Cardiac Surgery for Children of Jehovah’s Witnesses: Navigating Difficult Ethical Waters

Tanenbaum’s Religious Diversity in Health Care program recently attended The Columbia University Center for Bioethic’s Lunch Seminar Series, sponsored by The Gold Foundation.  Dr. George Hardart, Associate Clinical Professor of Pediatrics, gave a talk on the moral, ethical, and religious dilemmas of performing cardiac surgery on the children of Jehovah’s Witnesses. 

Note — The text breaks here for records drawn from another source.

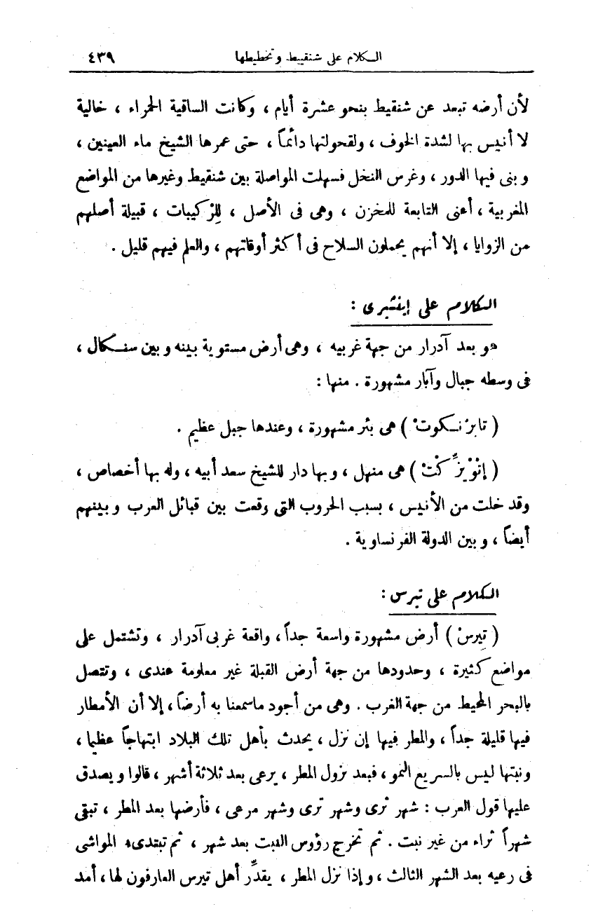 (تِيرسْ) أرض مشهورة واسعة جدا، واقعة غربي آدرار، وتشتمل على مواضع كثيرة، وحدودها من جهة أرض القبلة غير معلومة عندي، وتتصل بالبحر المحيط من جهة الغرب. وهي من أجود ما سمعنا به أرضا، إلا أن الأمطار فيها قليلة جدا، والمطر فيها ان نزل، يحدث بأهل تلك البلاد ابتهاجا عظيما، ونبتها ليس بالسريع النمو، فبعد نزول المطر، يرعى بعد ثلاثة أشهر، قالوا ويصدق عليها قول العرب: شهر ثرى وشهر ترى وشهر مرعى، فأرضها بعد المطر، تبقى شهرا ثراء من غير نبت. ثم تخرج رؤوس النبت بعد شهر، ثم تبتدئ المواشي في رغيه بعد الشهر الثالث، وإذا نزل المطر، يقدِّر أهل تيرس العارفون لها، أمد
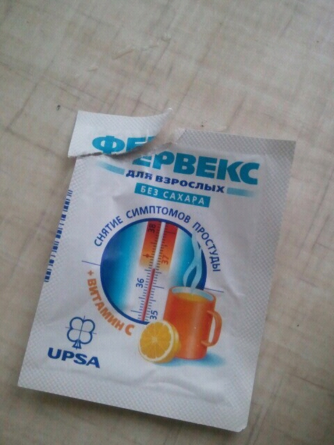 こういう総合感冒薬も飲みます。お湯に溶いて飲むと眠くなります。
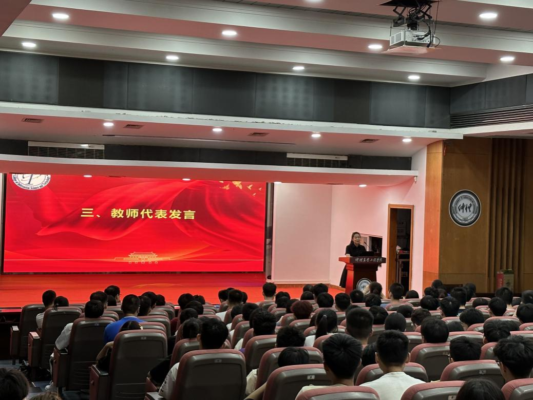 接着,教师代表陈宁夏和王潇老师分享了自己学习和科研的经历,勉励同学们胸怀家国天下、面对挑战要不断努力尝试,争做有理想、敢担当、能吃苦、肯吃苦的新时代好青年。
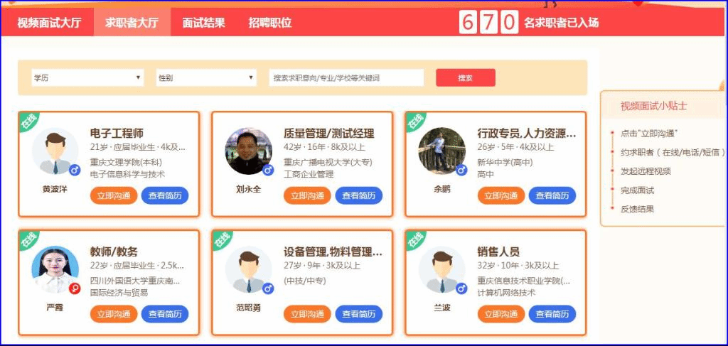 3、若没有求职者申请视频面试,HR可在求职者大厅搜索符合岗位要求的简历进行沟通(求职者大厅下载的简历需学生回复后方可进行视频面试,且必须把主动申请的学生面试完成后才能在求职者大厅搜索简历进行沟通)。
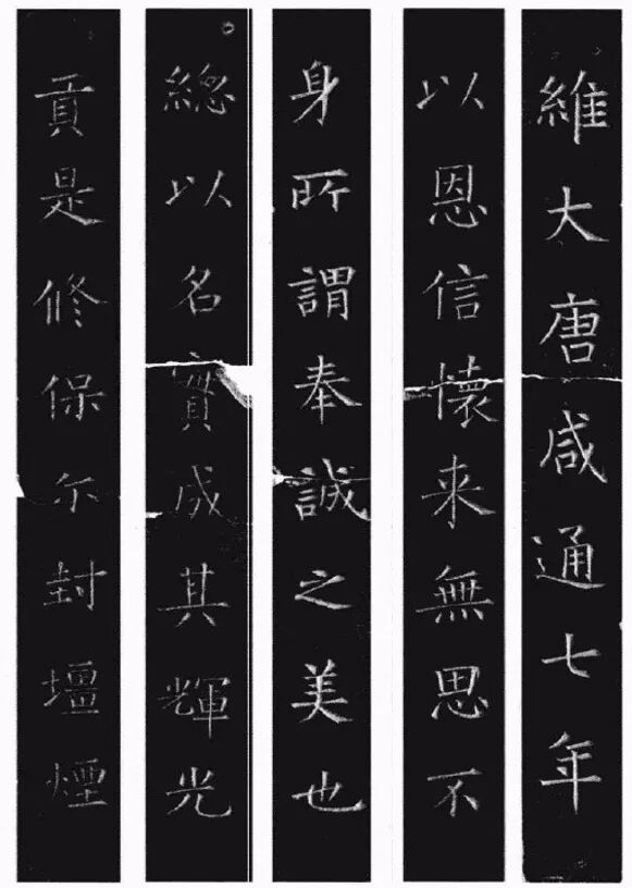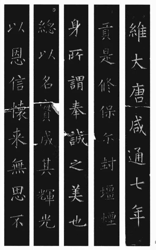 这明显不是正确的排列顺序。由于是断简残片,已无法从中获知其册文之全貌,日中学者对5残简如何排序也意见不一。枡本哲排序为“维大唐咸通七年/以恩信怀来无思不/贡是修保尔封疆烟/总以名实成其辉光/身所谓奉诚之美也”,刘凤翥则做“维大唐咸通七年/贡是修保尔封疆烟/身所谓奉诚之美也/总以名实成其辉光/以恩信怀来无思不”(图6)。笔者以为,结合唐代册书书式的研究成果,并参照存世唐册回鹘可汗书,以及《立黠戛斯为可汗制》,对此仍有进一步探讨的空间。
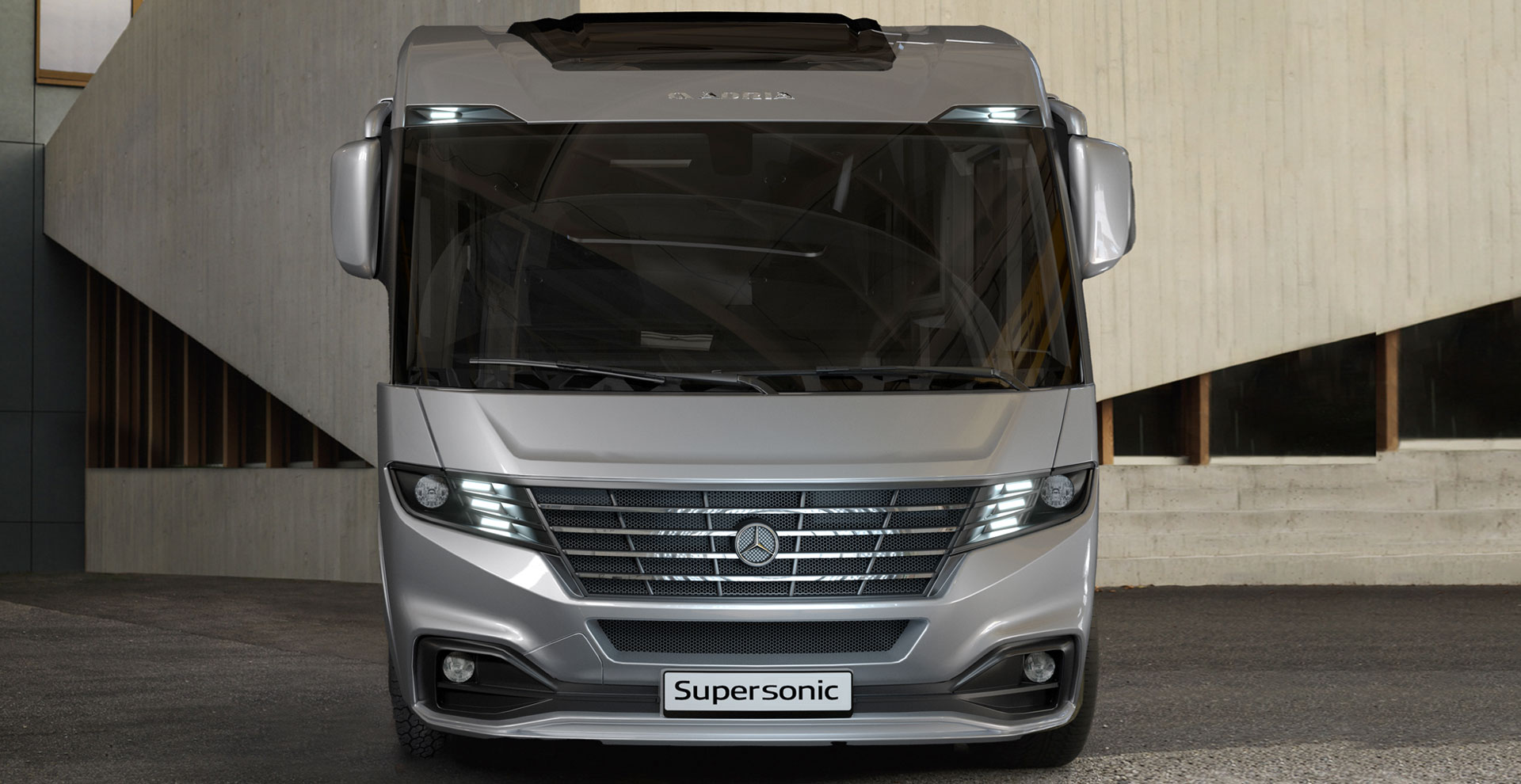 - Slående nytt design, rene billinjer og dynamisk stil, som blander Adria-signaturutseendet med Mercedes-Benz´ basisbil, med sølvmetallisk eksteriørfarge.
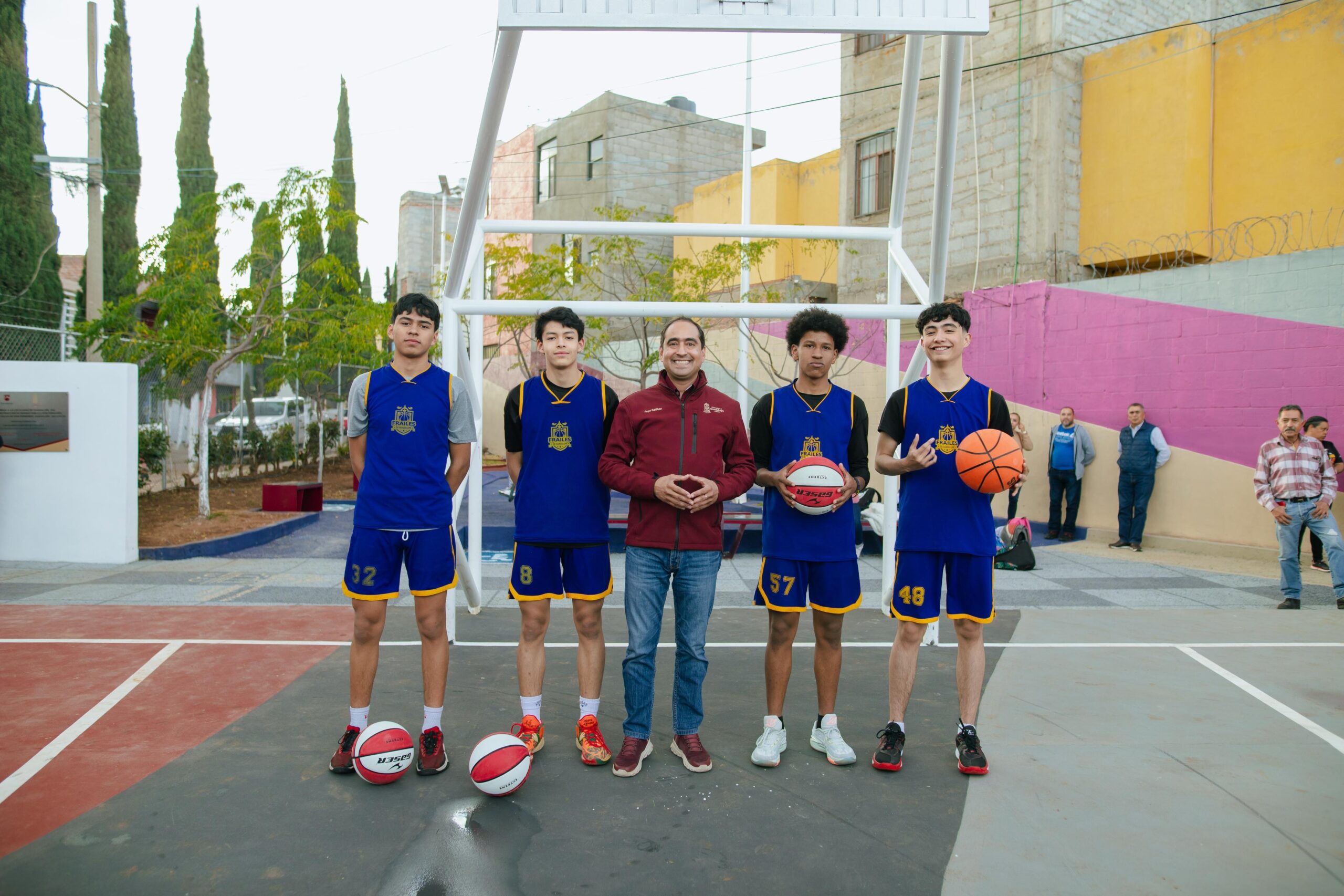 También acompañaron al alcalde guadalupense Saúl Cordero Becerril, diputado local, Analí Infante Morales, Síndica Municipal, Ángel Moroni López Gallego, Encargado de la Secretaría del Bienestar Social, Luis Ricardo García García, Secretario de Obras Públicas, Cruz Alberto Moreno Zarazúa, Director del Instituto Municipal del Deporte, Raúl Martínez, Presidente de la Liga de Basquetbol y José Cruz García Carrera, en representación de las y los beneficiarios.

Jehovah’s Witnesses believe that it is morally and spiritually abhorrent to accept a blood transfusion and that it is a sin which jeopardizes eternal life and salvation. They interpret the Bible to command that we must “abstain from blood” and the willing acceptance of a blood transfusion can be grounds for expulsion from the faith. 
 
While treating an adult Jehovah’s Witness in need of a blood transfusion can be morally and emotionally challenging for a doctor, the ethical dilemma becomes particularly complex when treating a child. An adult has the right to refuse a blood transfusion but the government has historically protected the rights of doctors to intervene when the life of a child is threatened by the religious convictions/restrictions of the parents. 
“Parents may be free to become martyrs themselves. But it does not follow they are free, in identical circumstance to make martyrs of their children before they have reached the age of full and legal discretion when they can make that choice for themselves.” (Prince vs. Massachusetts, 1944) 
Dr. Hardart set out to tackle this very complex ethical dilemma. He presented several cases involving Jehovah’s Witness children where the “standard of care” indicated blood transfusion. He then presented alternative options for care and asked the audience whether they would consider these alternatives given the families’ religious objection to blood transfusion. How much risk is acceptable when trying to honor the religious wishes of the family? 
 
Moreover, he asked the audience to broaden their definition of risk beyond health risks. He pointed out that the family felt a very real and substantial risk to the emotional and spiritual well-being of their family and religious convictions.   Should this risk factor be taken into consideration? If so, how much weight should it be given?
 
Loss of trust, which can lead to substandard care and can have long term health implications, is another risk to be weighed. An audience member pointed out that parents who have lost trust in their doctor, and by extension their health care community, may chose to delay or avoid seeking treatment for their child in the future.  In the worst case scenario, their negative experience can marginalize the whole religious community and lead to disparities in health care access. 

So how do doctors balance their medical, ethical, and legal responsibilities with their obligations to patients and the families of those patients? Ultimately there is no easy answer. What we do know is that communication, empathy, and trust are key elements in navigating these very complex ethical waters. If they can’t help us find a way out, they can at least help us find a way through.